▶ What needs to be done
The answer should be every line below, repeated exactly, with the images left out.

▶ Data to process
* * * * * * * * *
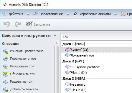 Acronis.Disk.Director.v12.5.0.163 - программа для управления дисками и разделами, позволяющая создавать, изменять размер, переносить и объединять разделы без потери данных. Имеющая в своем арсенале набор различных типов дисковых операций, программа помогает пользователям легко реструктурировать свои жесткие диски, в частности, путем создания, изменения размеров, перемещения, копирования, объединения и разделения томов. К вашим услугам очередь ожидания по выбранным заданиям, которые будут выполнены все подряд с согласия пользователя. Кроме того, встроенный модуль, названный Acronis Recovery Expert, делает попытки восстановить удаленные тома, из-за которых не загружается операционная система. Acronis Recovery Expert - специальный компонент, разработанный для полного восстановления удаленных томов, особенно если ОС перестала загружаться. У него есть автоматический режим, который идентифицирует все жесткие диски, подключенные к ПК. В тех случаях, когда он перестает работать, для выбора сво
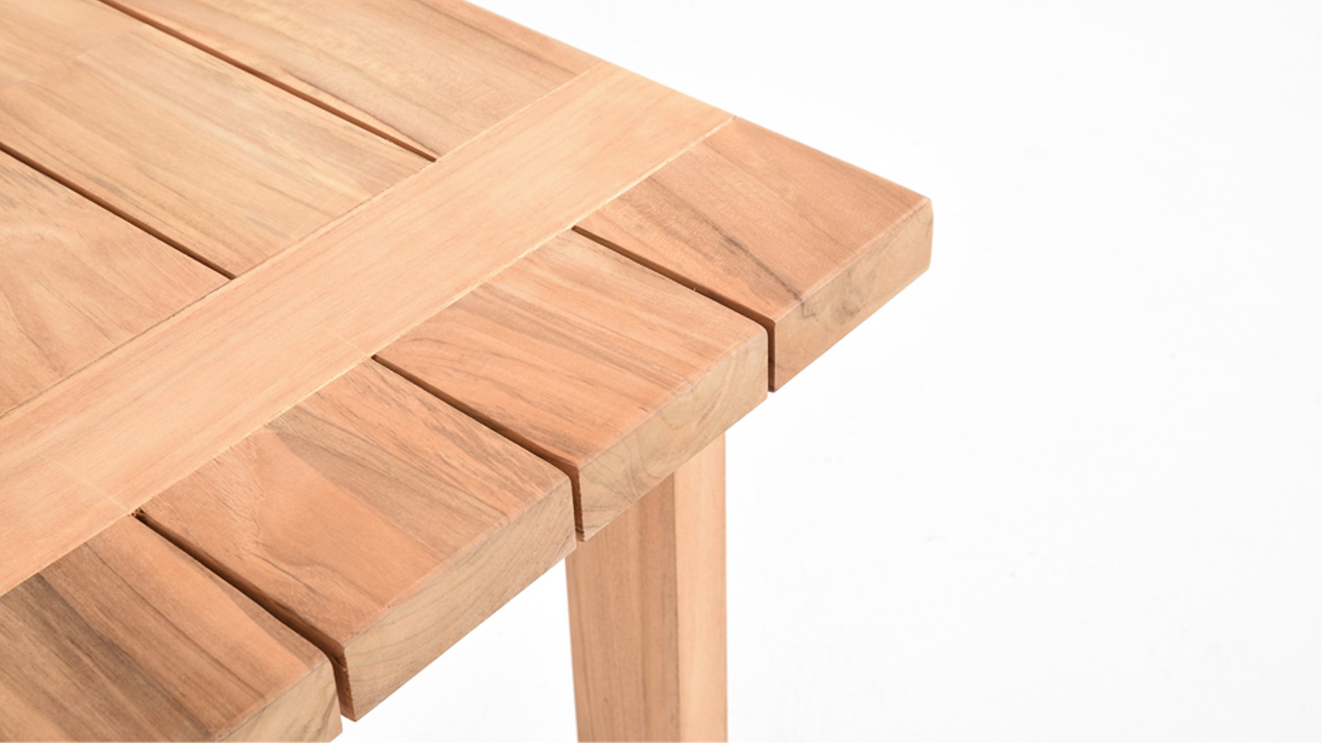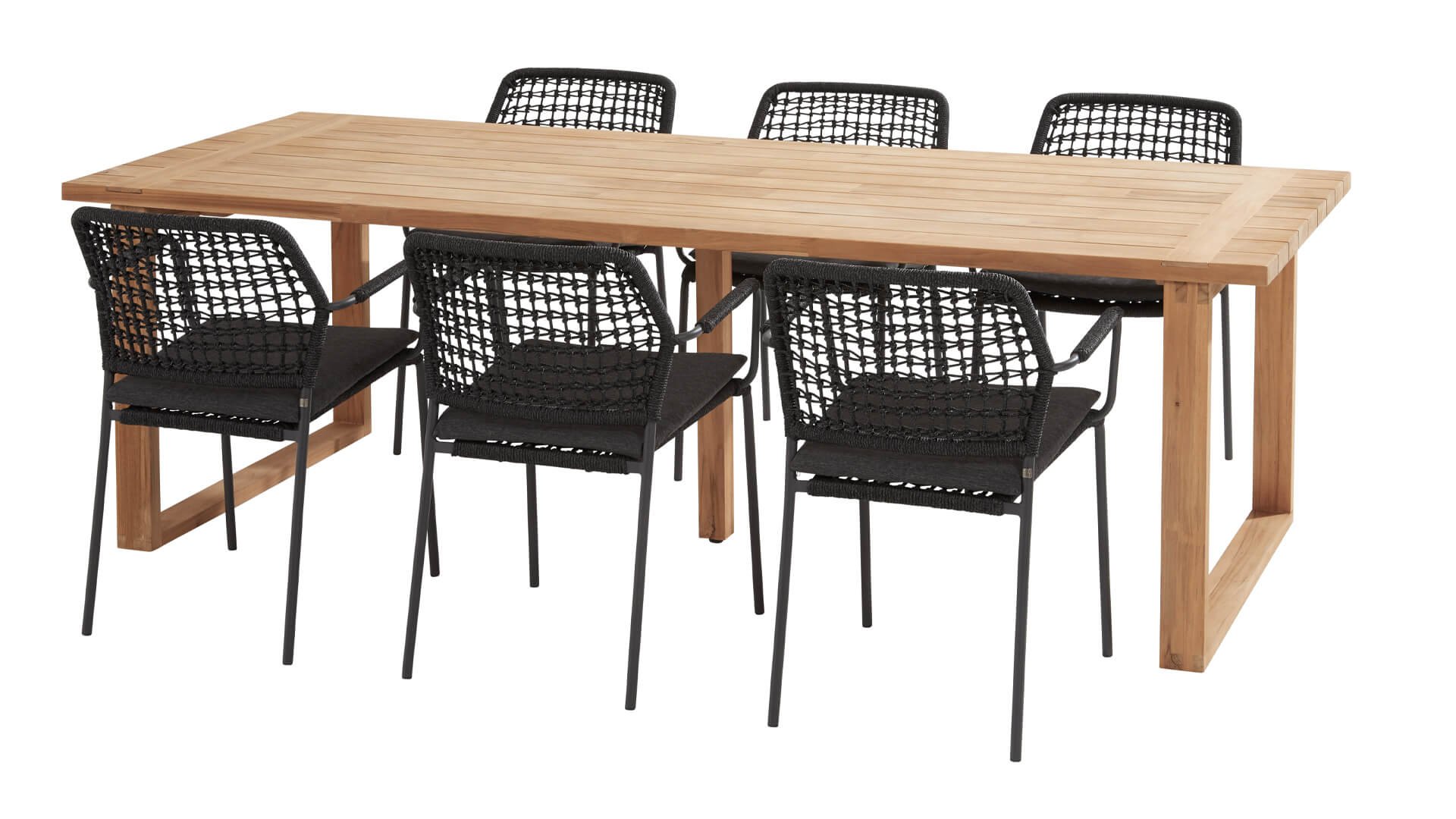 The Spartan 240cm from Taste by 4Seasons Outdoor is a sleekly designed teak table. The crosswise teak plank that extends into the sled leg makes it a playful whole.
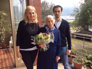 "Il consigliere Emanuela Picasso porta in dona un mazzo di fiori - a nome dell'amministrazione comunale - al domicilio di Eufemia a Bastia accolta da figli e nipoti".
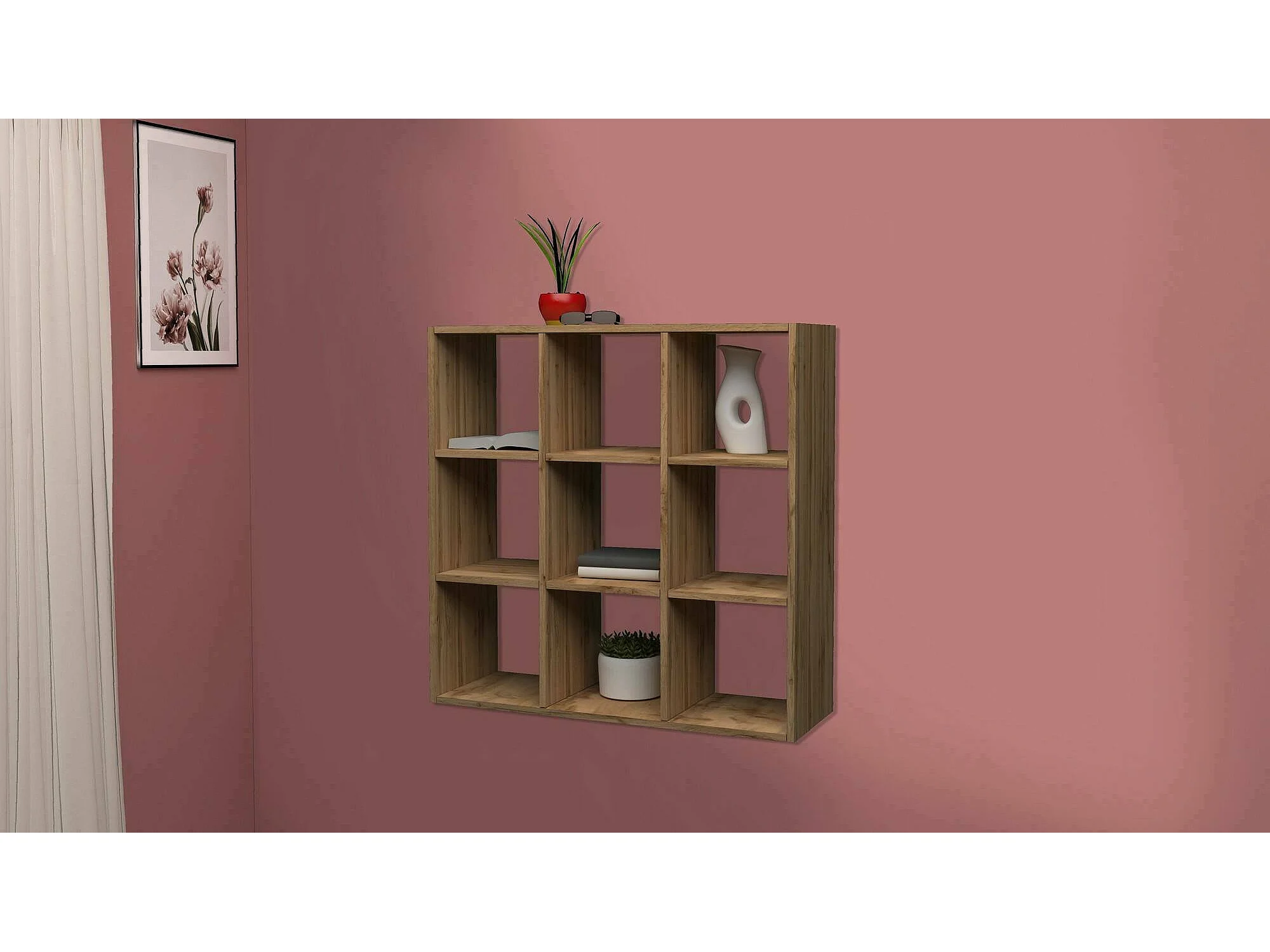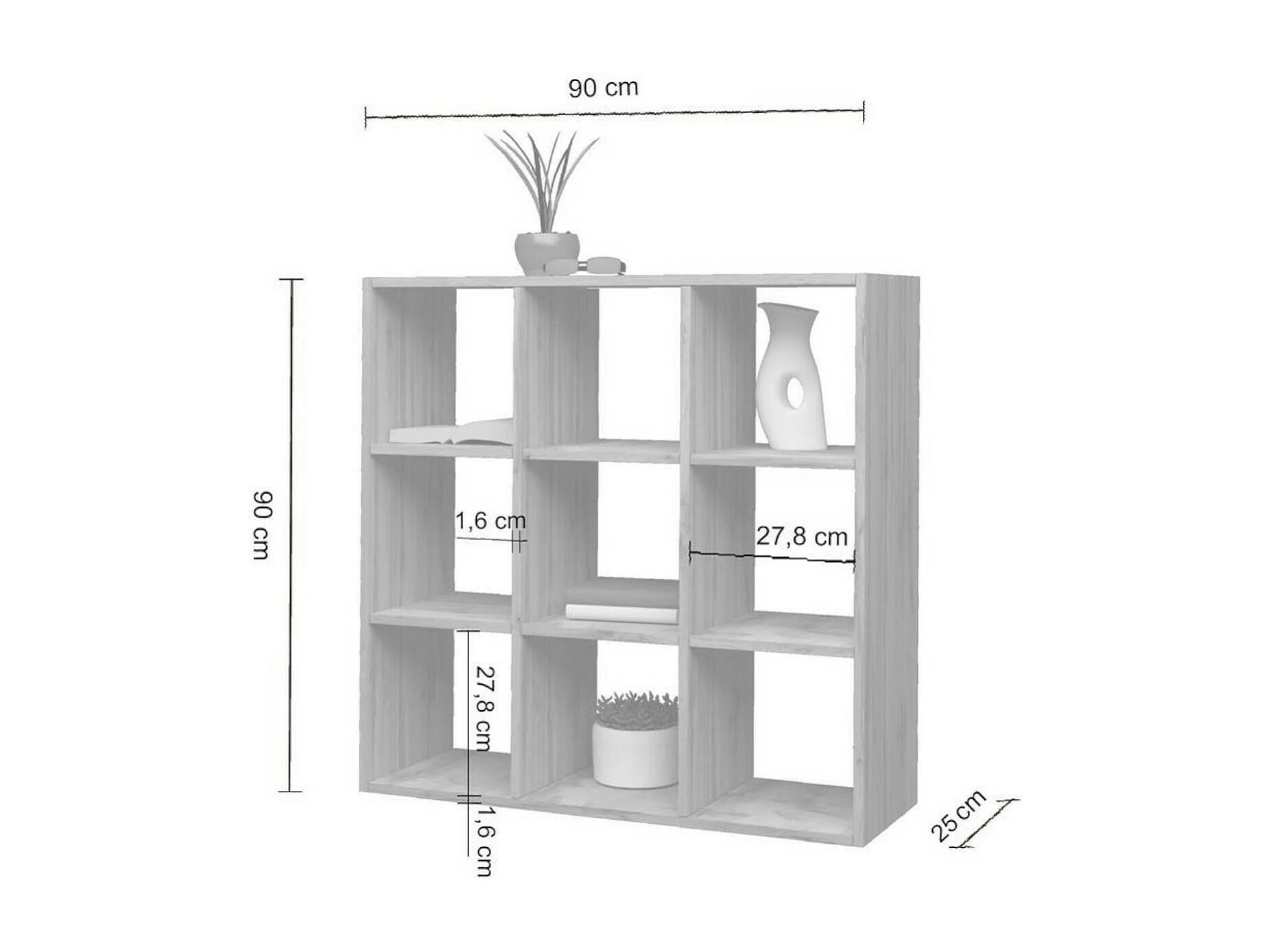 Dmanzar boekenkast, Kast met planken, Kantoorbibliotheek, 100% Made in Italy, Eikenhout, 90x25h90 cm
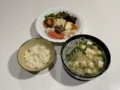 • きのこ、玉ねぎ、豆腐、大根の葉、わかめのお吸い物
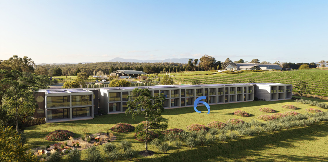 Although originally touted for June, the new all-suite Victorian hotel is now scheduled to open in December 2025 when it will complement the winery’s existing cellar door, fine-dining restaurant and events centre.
* * * * * * * * *
▶ Answer box
 Acronis.Disk.Director.v12.5.0.163 - программа для управления дисками и разделами, позволяющая создавать, изменять размер, переносить и объединять разделы без потери данных. Имеющая в своем арсенале набор различных типов дисковых операций, программа помогает пользователям легко реструктурировать свои жесткие диски, в частности, путем создания, изменения размеров, перемещения, копирования, объединения и разделения томов. К вашим услугам очередь ожидания по выбранным заданиям, которые будут выполнены все подряд с согласия пользователя. Кроме того, встроенный модуль, названный Acronis Recovery Expert, делает попытки восстановить удаленные тома, из-за которых не загружается операционная система. Acronis Recovery Expert - специальный компонент, разработанный для полного восстановления удаленных томов, особенно если ОС перестала загружаться. У него есть автоматический режим, который идентифицирует все жесткие диски, подключенные к ПК. В тех случаях, когда он перестает работать, для выбора сво
 The Spartan 240cm from Taste by 4Seasons Outdoor is a sleekly designed teak table. The crosswise teak plank that extends into the sled leg makes it a playful whole.
 "Il consigliere Emanuela Picasso porta in dona un mazzo di fiori - a nome dell'amministrazione comunale - al domicilio di Eufemia a Bastia accolta da figli e nipoti".
 Dmanzar boekenkast, Kast met planken, Kantoorbibliotheek, 100% Made in Italy, Eikenhout, 90x25h90 cm
 • きのこ、玉ねぎ、豆腐、大根の葉、わかめのお吸い物
 Although originally touted for June, the new all-suite Victorian hotel is now scheduled to open in December 2025 when it will complement the winery’s existing cellar door, fine-dining restaurant and events centre.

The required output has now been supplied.